I only own two TV series on DVD: Kung Fu and Firefly. They are very different, but both fit the genre "Westerns".

The science-fiction setting I am planning for my role-playing game is also largely of the Western genre. So as I think about these two TV series I ponder what makes a Western a Western, but is still transferrable to a science-fiction setting.

Here is my list so far, presented somewhat in a cascading order of consequences:
  • The land around where people live is a "frontier" without governed settlements inhabited dangerous animals and people. Nevertheless, most settled locations have a few loners living on the outskirts due to temperment or profession.
  • Most adults (or perhaps only adults of one gender/class) carry portable weapons, because of the frontier's dangers.
  • Weapons technology is, at least temporarily, at a place where damage trumps armor (as opposed to knights clad in plate armor).

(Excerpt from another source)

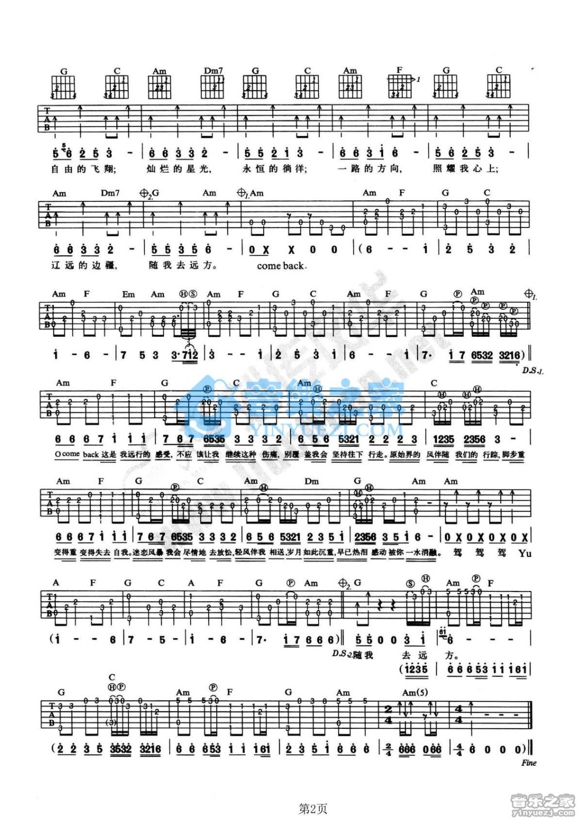 自由飞翔吉他谱,它是凤凰传奇演唱的歌曲,由音乐之家编配制谱,是一首经典歌曲编配的C调指弹编配的曲谱,

Wounds from weapons are often fatal; a doctor near a conflict can only somtimes help the wounded.
  • Society focuses on honor as much or more than law, because so many adults are armed with dangerous weapons.
  • Big government exists, but does little, because it is annoying to big government to deal with an honor-focused, armed society. Most adults pay little in taxation and receive little in services. When big government is present it is often an interruption (installing a trade route, chasing a criminal, claiming a resource, etc.).
  • Local government exists, mainly doing law enforcement. Without the power of big government to bring wealth redistributed from a non-frontier location there is not funding for local government to do much more that the basics. (Managing utilities, travel routes, and education may or may not be consider governmental basics.)
  • Most adults belong to multi-family social groups to provide support in crisis situations (births and deaths, loss of home or livelihood, natural disasters, etc.). These social groups may be secular or religious; the various local groups may be peaceably cooperative or antagonistically competitive. Without government social services, people team up in other ways for protection from life's troubles.
  • Corruption can control a settled location, because government is small and people are reliant upon social groups. If a social group grows into a dominating organization, it can often reign unchallenged.
  • Heroes are often anti-heroes in that they remain personally troubled and/or unvirtuous but nonetheless able to save a settled location from local corruption or dangers invading from the frontier.
What am I missing?

This also sounds a lot like adventures in Edo-period Japan.